*Problem to solve*.
Below are the entries. Print only the lines starting at the one with "Фотографии модульного торгового" and ending at the one with "Zrelaksuj się z", exactly, with no pictures.
Records supplied below:
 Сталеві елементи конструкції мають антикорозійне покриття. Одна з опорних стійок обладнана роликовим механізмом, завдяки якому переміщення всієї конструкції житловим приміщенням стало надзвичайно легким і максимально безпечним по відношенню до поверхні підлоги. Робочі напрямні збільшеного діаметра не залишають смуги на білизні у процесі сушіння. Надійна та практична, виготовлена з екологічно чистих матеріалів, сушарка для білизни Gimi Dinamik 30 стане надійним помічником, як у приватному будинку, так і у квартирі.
End of Records supplied.
Records supplied below:
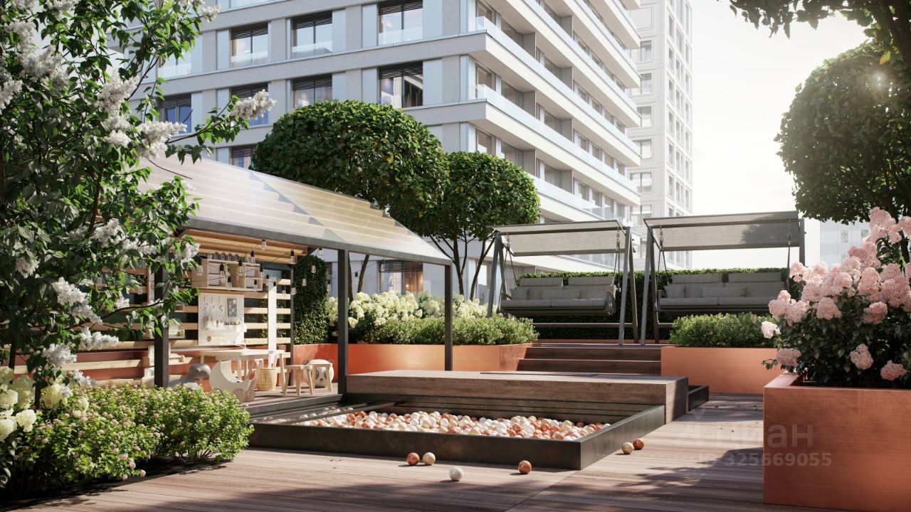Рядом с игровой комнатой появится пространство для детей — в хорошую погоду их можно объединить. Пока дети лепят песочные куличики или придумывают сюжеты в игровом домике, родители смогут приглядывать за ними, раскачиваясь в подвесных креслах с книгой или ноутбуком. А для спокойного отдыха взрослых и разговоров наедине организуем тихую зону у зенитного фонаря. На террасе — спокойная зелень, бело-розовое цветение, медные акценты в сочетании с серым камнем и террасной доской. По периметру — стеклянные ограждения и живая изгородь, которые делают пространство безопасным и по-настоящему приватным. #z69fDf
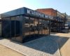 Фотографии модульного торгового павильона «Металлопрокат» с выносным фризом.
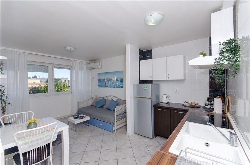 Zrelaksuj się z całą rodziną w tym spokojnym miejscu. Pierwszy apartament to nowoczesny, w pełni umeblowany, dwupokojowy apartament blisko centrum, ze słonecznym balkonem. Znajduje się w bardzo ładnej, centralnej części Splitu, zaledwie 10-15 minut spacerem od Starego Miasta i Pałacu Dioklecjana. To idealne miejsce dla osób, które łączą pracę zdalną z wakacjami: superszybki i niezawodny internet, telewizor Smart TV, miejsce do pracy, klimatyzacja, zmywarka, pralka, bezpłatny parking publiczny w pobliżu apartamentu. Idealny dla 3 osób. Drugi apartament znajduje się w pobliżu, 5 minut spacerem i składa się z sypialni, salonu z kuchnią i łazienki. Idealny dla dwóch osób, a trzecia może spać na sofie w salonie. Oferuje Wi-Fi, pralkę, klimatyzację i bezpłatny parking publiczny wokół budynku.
End of Records supplied.
*Reply*.
 Фотографии модульного торгового павильона «Металлопрокат» с выносным фризом.
 Zrelaksuj się z całą rodziną w tym spokojnym miejscu. Pierwszy apartament to nowoczesny, w pełni umeblowany, dwupokojowy apartament blisko centrum, ze słonecznym balkonem. Znajduje się w bardzo ładnej, centralnej części Splitu, zaledwie 10-15 minut spacerem od Starego Miasta i Pałacu Dioklecjana. To idealne miejsce dla osób, które łączą pracę zdalną z wakacjami: superszybki i niezawodny internet, telewizor Smart TV, miejsce do pracy, klimatyzacja, zmywarka, pralka, bezpłatny parking publiczny w pobliżu apartamentu. Idealny dla 3 osób. Drugi apartament znajduje się w pobliżu, 5 minut spacerem i składa się z sypialni, salonu z kuchnią i łazienki. Idealny dla dwóch osób, a trzecia może spać na sofie w salonie. Oferuje Wi-Fi, pralkę, klimatyzację i bezpłatny parking publiczny wokół budynku.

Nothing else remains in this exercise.